И блестя голубыми слезами, закуковал он, переводя кукованье в заупокой:
«Упокой, Боже, рабу твою, убиенную Степаниду, в месте светлом, месте прохладном, месте покойном, иде же все праведные упокоиваются!»
И с последним протяжным кукующим словом Савва почувствовал, как там у него где-то в пустом его сердце вдруг открылся и ключом бьет прозрачный источник и всеми каплями до капельки подымается единым рыданием. Пусть и душа продана и руки в крови, но эта зарыдавшая боль осветила и опамятовала призрачную пустоту сердца, отравленного любовью.

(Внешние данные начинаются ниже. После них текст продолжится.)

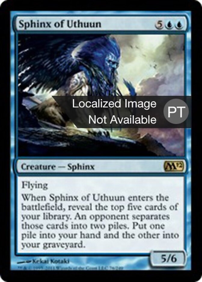 | Rules | Flying When Sphinx of Uthuun enters the battlefield, reveal the top five cards of your library. An opponent separates those cards into two piles. Put one pile into your hand and the other into your graveyard. |

Савва вздрогнул: сквозь небесное голубое вдруг кольнуло его и бьющий источник погас: Савва встретился глазами с Виктором. Виктор был далеко, но глаза его горели и были тут, перед Саввой — в них полыхал жгучий гнев.
Савва поспешно отошел.
Но все равно, никуда не спрячешься и ничего не скроешь. Видя только сверлящие, тянущие к себе глаза, Савва, как крючком поддетый, вытянут был из толпы. И догнал Виктора.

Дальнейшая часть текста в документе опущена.